7 thoughts on “Problems-o-Scale

  1. What about displaying the last five users who logged in and a “More…”… or maybe just the plain login screen for the others?

  2. Would a possible solution perhaps be to auto group the nummber of elements with a alpha-numerical divider, with a smart option to detect similair series of names.

    for instance in your screenshot the look could be like this.

    – asdfas
    – James M. Cape
    – Tyler Durden
    – user1 – user10 -> user1
    – user11 – user20 -> user20
    – etc..

    and if there just where lots of names, and not a userXX

    – Albert – Cleo -> Albert

    – Dennis – Zack -> Dennis


  3. Nice. I’ve always hated the standard way menus overflow.
    Although it does help forced developers to be smarter and not put so much in the menus some will inevitably put too many items in the menus and laying out the menu as a table is way more effiecient.

    Dont suppose this is a change you could push back into GTK so that people could optionally use this style of menu overflow all the time?

    All or nothing?
    Presumably most users will only have a few user accounts, like $current user, $root and maybe one or two others so if there was some way you could show only the accounts the current user wants/has access too you wouldn’t need to show the full list (perhaps store the accounts that have been recently used from this account and not bother listing the others).
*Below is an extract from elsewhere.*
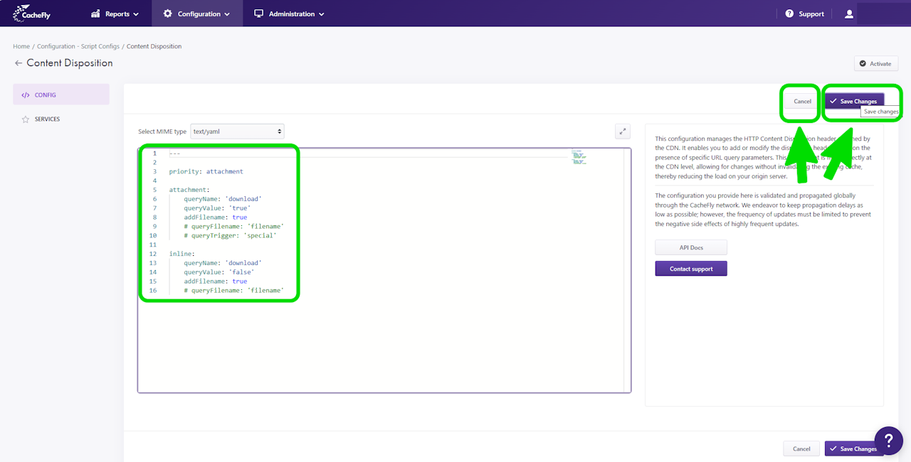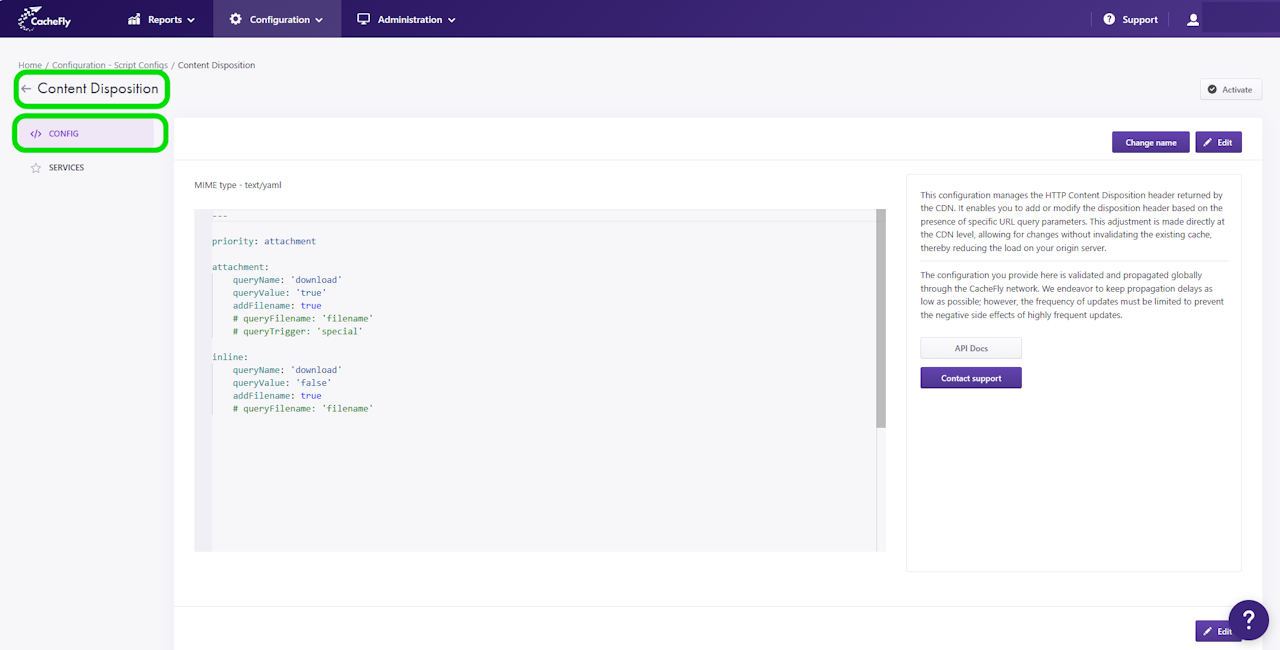 The Content Disposition Script Config manages the HTTP Content Disposition header returned by the CacheFly content delivery network (CDN). It enables you to add or modify the disposition header based on the presence of specific URL query parameters. This adjustment is made directly at the CDN level, allowing for changes without invalidating the existing cache, thereby reducing the load on your origin server.

  4. Any chance you could update your form so that users know their email addresses will not be printed on the web page when they submit a comment? (I’m only really adding this comment so that you have my address in the unlikely event you want to contact me.)

  5. I’m thinking of a use case we would have if this was used in one of our Nursing stations. Nurses would like to quickly logout/in so a fast user switch would be quite helpful. The user list would be driven from an LDAP that contains 5000+ users. For this case, only listing users with active sessions and a new login would defiantly be the way to go.

  6. For the use case you describe I would definately recommend a displaying a full application window showing some kind of a easily searchable directory of available user profiles. Menus aren’t really supposed to be used for anything that wont fit on one column the height of a small screen.
    It certainly helps that you have some idea of your archetypal target user but clearer uses cases will make your job easier.

    Jimmac had something simliar to say about making out proper use cases but he said it more clearly than I did

  7. Lets be honest here, many people like to “think” they have more friends than what they actually have, a long IM list screams “i’m so popular !”. Most people may think they have more friends, but they have more “contacts” than the average geek.


    Much like “recent documents”, you could have “recent users” listed at the top. People being creatures of habit tend to like to use the same machine. This could be stored in a users profile, although a system wide “recent users” would be more effective.

    If recent users was tied to a single users profile, the “recent users” idea would be ineffective when tied to a users profile.

    Building on the comment by Matthew, above…. some kind of input box with autocomplete might be more useful for massive user lists, with a autocomplete text input box. Below this could be a graphical list like FUSA currently does with matching users.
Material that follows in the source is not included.